I think this is implicit in what people are getting when they talk about Node being fast. What they're saying is they need fewer servers or less expensive servers. And that's the bottom line. Of course, we can always drop into C or Java, and if I really want to, we can write servers that are much faster than Node. In fact, some people have done just that. But Node is "good enough" and it's much simpler. We can still go back and optimize selected components if we need to, where we find bottlenecks, but there's no sense in paying for that ahead of time.

The End of the Language Wars

At any rate, when you put this altogether, what it boils down to is that Node offers a simple way to write concurrent, networked programs, using JavaScript. That's the reason we use Node. And, again, since JavaScript is the lingua franca of the Web browser, most Web programmers already know it. We don't have to worry about whether a client is a Ruby shop, a Python shop, a Java shop—because they're all JavaScript shops, too. What's more, when we deliver a solution, they don't have to worry about that either. They can hire any decent Web developer to be on the team taking ownership of it.
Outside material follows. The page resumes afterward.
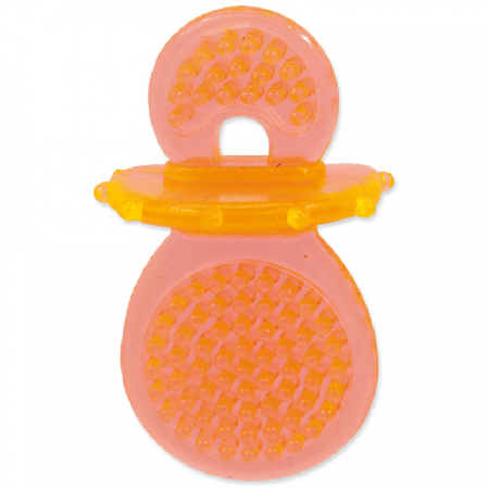 Dentální hračka ve tvaru dudlíku je vyrobena z PŘÍRODNÍHO LATEXU, který je pro psa zdravotně nezávadný, netoxický, odolný a bezpečný, je ideální hračkou pro psy a štěňata malých plemen

In a tight labor market, that's a big deal.

A Hot Mess

What I'm not saying here is that Node is better than Ruby or Python or Java. All these languages have enough talented developers out there that they will all steal the best advances from each other anyway. They all have viable concurrency models (in some cases, via add-on libraries), they're all getting faster with each release, and so on.As I said in the prequel to this post, though, we still probably would have stuck with Ruby—or even had a dalliance with Lua or Factor—except for CoffeeScript, which neutralized a big negative—JavaScript is a hot mess of a language—and maybe even turned it into a positive. Node might be better in one area, but Ruby is better in another, and Python is better in a third—and Java will be usually be faster than any of them. But I think Node's APIs are generally as good or better than those in other languages—and it's JavaScript. For better or worse, and more or less completely incidentally, that's the language of the Web. And that's Node's big advantage—marrying JavaScript, and it's concurrency model (such as it is) to rock solid APIs.